## PROBLEM REQUIREMENTS
Restate the listing below word for word. No picture belongs in the result.

**** DATASET SECTION ****

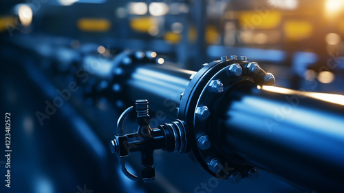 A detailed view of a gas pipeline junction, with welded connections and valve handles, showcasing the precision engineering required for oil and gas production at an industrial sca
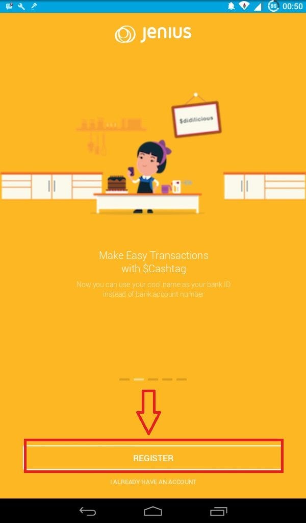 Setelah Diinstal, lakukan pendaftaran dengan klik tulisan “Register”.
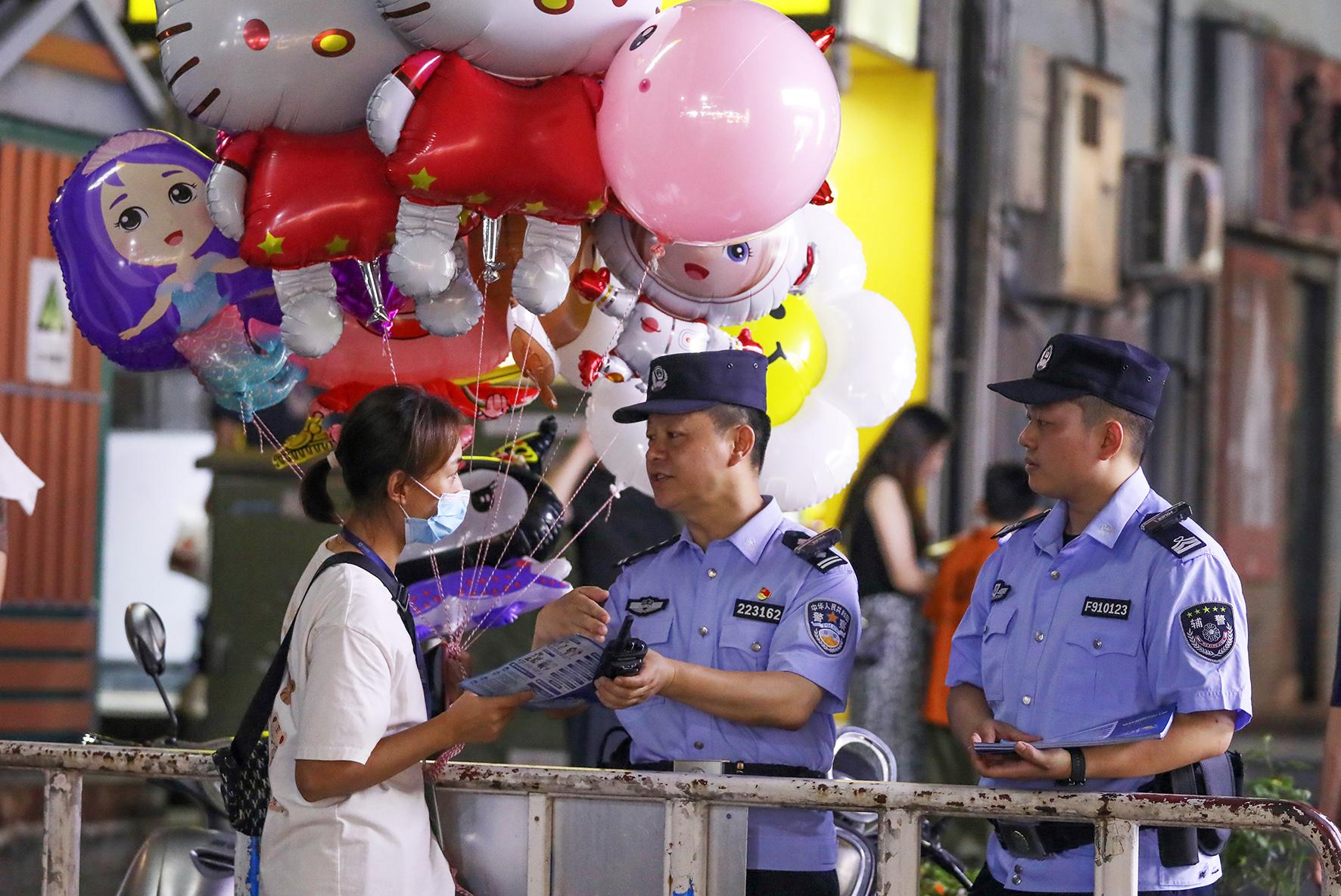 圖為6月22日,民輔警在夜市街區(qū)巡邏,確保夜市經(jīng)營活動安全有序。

****

## OUTPUT FOR THIS TASK
 A detailed view of a gas pipeline junction, with welded connections and valve handles, showcasing the precision engineering required for oil and gas production at an industrial sca
 Setelah Diinstal, lakukan pendaftaran dengan klik tulisan “Register”.
 圖為6月22日,民輔警在夜市街區(qū)巡邏,確保夜市經(jīng)營活動安全有序。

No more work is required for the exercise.